How annoying can you get? So what if you don't get your way for once? Complaining over a banner, you got to be kidding me.


----------



## Ragdoll (Jun 18, 2015)

Brielle said:


> How annoying can you get? So what if you don't get your way for once? Complaining over a banner, you got to be kidding me.



i kinda agree but pls no h8


----------



## Alolan_Apples (Jun 18, 2015)

Ragdoll said:


> i kinda agree but pls no h8



I don't think that's hate. I think he/she's trying to remind her on how she shouldn't let things bother her too easily.

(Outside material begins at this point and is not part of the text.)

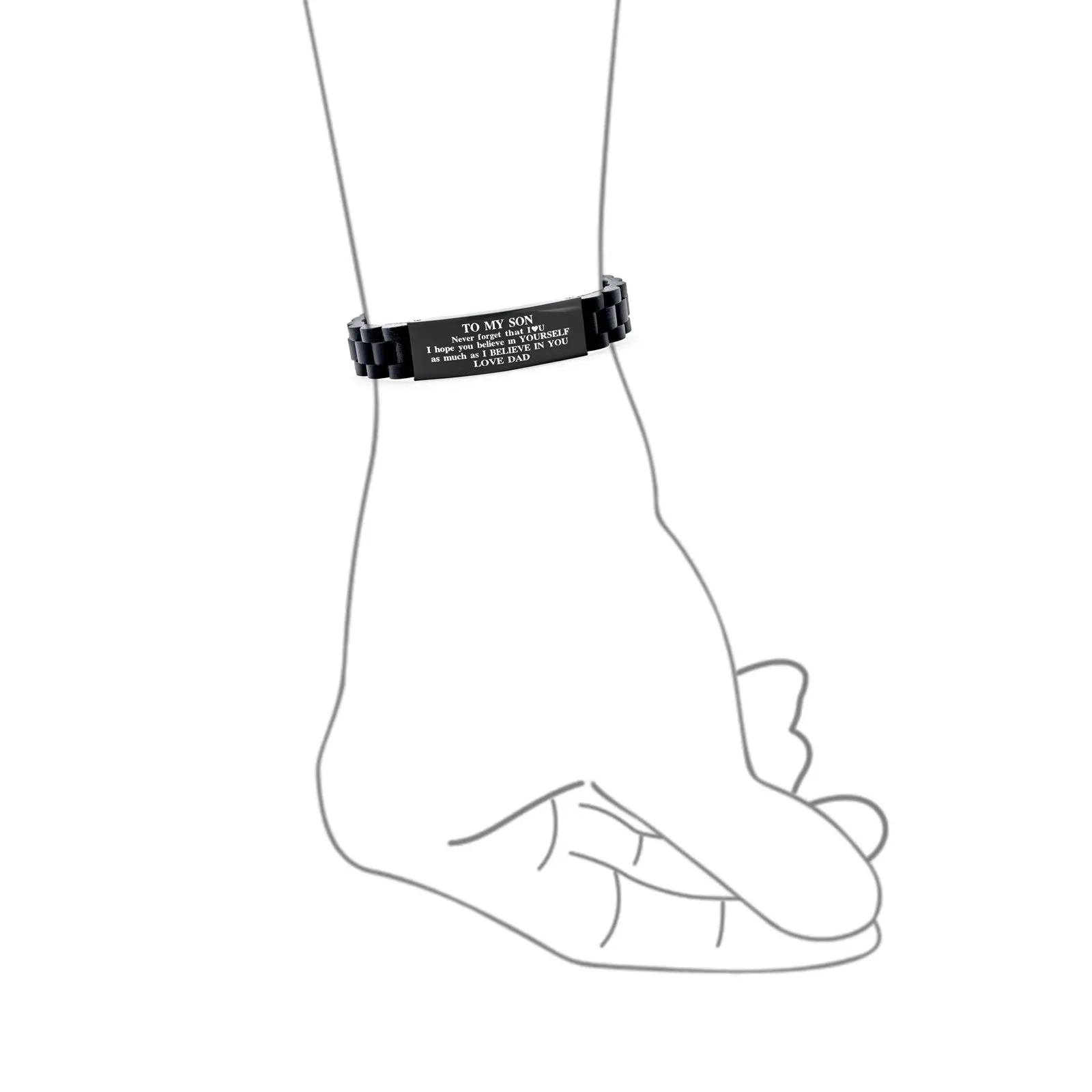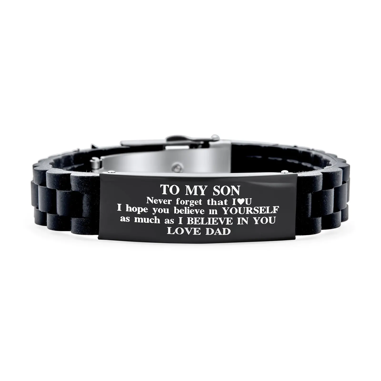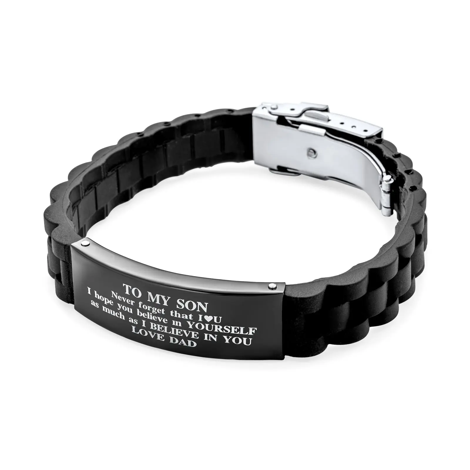 To My Son Inspirational ID Bracelet Stainless Steel Black Silicone Wristband

But yeah, he/she was a bit harsh.

- - - Post Merge - - -

Oh wait, the puppets are gone!


----------



## Justin (Jun 18, 2015)

I'll let Jeremy know to cancel the Apple collectible and focus development on removing the banner ASAP!


----------



## Javocado (Jun 18, 2015)

Justin said:


> I'll let Jeremy know to cancel the Apple collectible and focus development on removing the banner ASAP!



well aren't u just incredible


----------



## Jake (Jun 18, 2015)

Justin said:


> I'll let Jeremy know to cancel the Apple collectible and focus development on removing the banner ASAP!



thanks. much appreciated.


----------



## Ragdoll (Jun 18, 2015)

Apple2012 said:


> I don't think that's hate. I think he/she's trying to remind her on how she shouldn't let things bother her too easily. But yeah, he/she was a bit harsh.
> 
> - - - Post Merge - - -
> 
> Oh wait, the puppets are gone!



'remind' o ok calling ppl annoying is totally not hating, just a reminder. got it, thanks!!!!



Justin said:


> I'll let Jeremy know to cancel the Apple collectible and focus development on removing the banner ASAP!



wow much appreciated!1


----------



## Alolan_Apples (Jun 18, 2015)

Justin said:


> I'll let Jeremy know to cancel the Apple collectible and focus development on removing the banner ASAP!



How about we have a banner with Jason Vorhees, Freddy Kruger, and zombies in it. -_-


----------



## uwuzumakii (Jun 18, 2015)

I liked having the Miyamoto puppet up there! I like to think of him as my Muppets friend.


----------



## groovymayor (Jun 18, 2015)

Some people might have a phobia of puppets, which can cause anxiety or panic attacks.


----------



## WonderK (Jun 18, 2015)

groovymayor said:


> Some people might have a phobia of puppets, which can cause anxiety or panic attacks.



Very true and I agree 100%. I have a friend who's scared of balloons and will have an anxiety attack because of them. If this is such a case, there is *still a way* you can turn off all site related graphics. The option is there.


----------



## Murray (Jun 18, 2015)

groovymayor said:


> Some people might have a phobia of puppets, which can cause anxiety or panic attacks.



some people might be scared of trees?!


----------



## Jake (Jun 18, 2015)

Murray said:


> some people might be scared of trees?!



Or bells, or grass, or collectibles.

Welp, time to ban collectibles I guess


----------



## Murray (Jun 18, 2015)

Jake. said:


> Or bells, or grass, or collectibles.
> 
> Welp, time to ban collectibles I guess



good idea you should start a petition for it


----------



## Jake (Jun 18, 2015)

WonderK said:


> Very true and I agree 100%. I have a friend who's scared of *balloons* and will have an anxiety attack because of them.



BALLOON COLLECTIBLE. BANNED.


----------



## Idfldnsndt (Jun 18, 2015)

Jake. said:


> BALLOON COLLECTIBLE. BANNED.



I second this


----------



## SharJoY (Jun 18, 2015)

Murray said:


> some people might be scared of trees?!



Love your sig art.


----------



## Jake (Jun 18, 2015)

kaiaa liked my post guys. collectible ban confirmed


----------



## SharJoY (Jun 18, 2015)

Jake. said:


> kaiaa liked my post guys. collectible ban confirmed



Nooooooooo!

dislike button needed.


----------



## Idfldnsndt (Jun 18, 2015)

Why are we still talking about this


----------